商流を変え、市場を知り、商品開発をし…数々の新しいことに取り組み、危機を脱した玉川堂だが、それはまさに社長・基行さんの経営の腕の見せどころだったのだろう。聞けば、基行さんは大学卒業後、23歳ですぐに玉川堂に入社したという。家業は以前から意識していたのだろうか。

「兄の死を機に、玉川堂を継ぐことを意識しました。家業を継ぐというプレッシャーを感じたことはありません。むしろ、学生の頃から、自分が入ったら玉川堂をどうしていこうか、ということを考えていました。

ずっと続いてきた家業なので、自分の代で閉ざしてしまうわけにはいかないという気持ちが強かったんです。

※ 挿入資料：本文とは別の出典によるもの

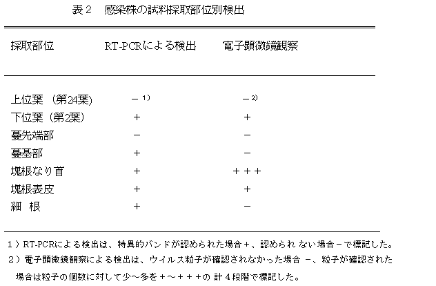 - SPFMVは感染した植物体内で偏在している。検定試料には、比較的ウイルス濃度が高く採取が容易な塊根のなり首部分または展開下位葉を用いる(表2)。
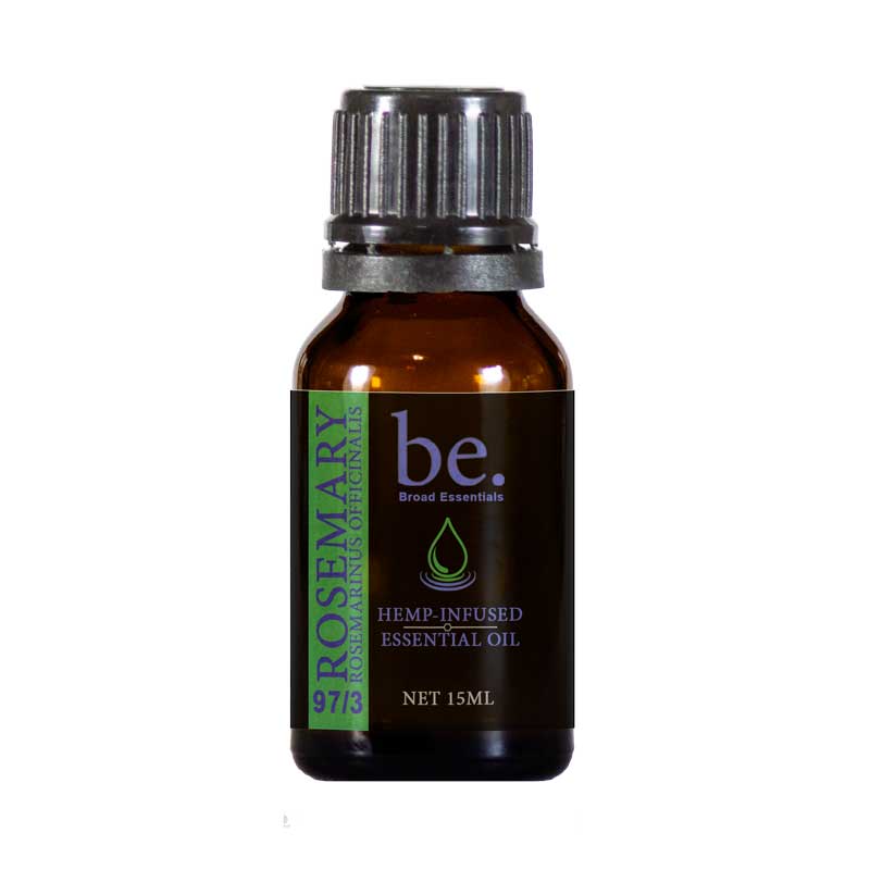 Rosemary CBD Essential Oil, when diffused, has a herbal aroma that can help reduce stress and tension, manage pain and inflammation as well boost mental clarity and focus, relieve fatigue, improve moods and support your respiratory system. When added to a homemade/commercial topical or directly to skin, it adds a pleasing scent and a variety of benefits from managing pain and inflammation, fortifying the immune system and stimulating hair growth.
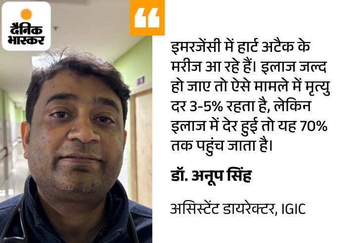 ठंड के मौसम में दिल के मरीज बढ़ने को लेकर हमने अस्पताल के असिस्टेंट डायरेक्टर डॉ. अनूप सिंह से बात की। उन्होंने कहा, ‘ठंड के दिनों में दिल के मरीज बढ़ जाते हैं। हार्ट अटैक के अलावा चेस्ट से जुड़ी समस्या बढ़ जाती है। अभी ओपीडी में जितने मरीज आ रहे हैं, उसमें से 30% कार्डियक पेन की शिकायत करते हैं।’

」

生まれたときから玉川堂の技術を目にし、銅器に触れてきたからこそ、その歴史の流れを自分の代で閉ざす訳にはいかなかった。基行さんが入社してから20年あまり、この家業を再び盛り上げた背景には幼少の時の経験から育まれた力強い哲学があった。

「私は、伝統は伝承とは違うということを常に意識しています。伝承は同じことを繰り返すことです。一方、伝統は革新の連続です。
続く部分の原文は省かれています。